In 1973, the same year as the establishment of the federal Drug Enforcement Agency, New York governor Nelson Rockefeller signed Penal Code Title M, Article 220 into law. Nixon had declared the War on Drugs only shortly before (on June 17, 1971); aspiring Republican Rockefeller could hardly buck the trend. (Mr. Rockefeller would ride the Republican ticket right to the position of U.S. Vice President, about a year later.)

The Rockefeller Drug Laws are among the most harshly punitive drug criminalization legislature in the U.S., outstripping even federal penalty severity. Popular features include mandatory minimum sentencing, a "Drug Free School Zone" -style clause, and paraphernalia prohibition (hypodermic needles, scales, packaging including vials, envelopes, and gelatine capsules, etc.)

Probably the most repugnant aspects of the Rockefeller Drug Laws are the mandatory sentencing, and the sentencing structure. Normally, a judge might mandate a course of treatment in lieu of prison time, or reserve harsher sentencing for someone who managed and directed a drug distribution network. Mandatory minimum sentencing eliminates the opportunity for that brand of judicial prudence.

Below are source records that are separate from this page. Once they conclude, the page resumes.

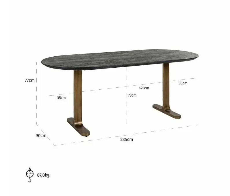 Piękny, owalny blat wykonano z drewna Mango a mosiężną podstawę ze stali w kolorze matowego złota.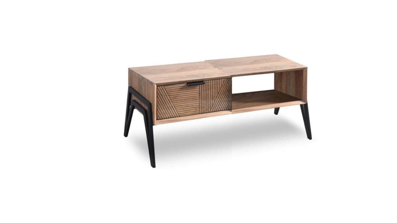 A coffee table featuring acacia wood and a convenient drawer for everyday essentials.
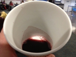 I was thinking about tasting the wines on the plane, but I’ve read enough articles (like this one) about the adverse effects of altitude and low humidity to know that it wouldn’t be fair to review them from 35,000 feet above sea level. Instead, I decided to borrow some coffee cups and taste these wines during our layover in Los Angeles.

Sale of two ounces or possession of four ounces of narcotic is a "Class A" felony, penalized more severely than rape; such disparity is absurd, the tragic senseless sort rather than the funny ha-ha absurd. Racially unequal enforcement, and fostering black market trade and all the attendant corruption, are other serious problems with the Rockefeller laws.

Alone, The Rockefeller Drug Laws are aptly described as "draconian"; the Second Felony Offender Laws, passed the same year, introduced a whole new dimension for any offender so unfortunate as to fall back into drug use and/or dealing after a nice long rot in prison.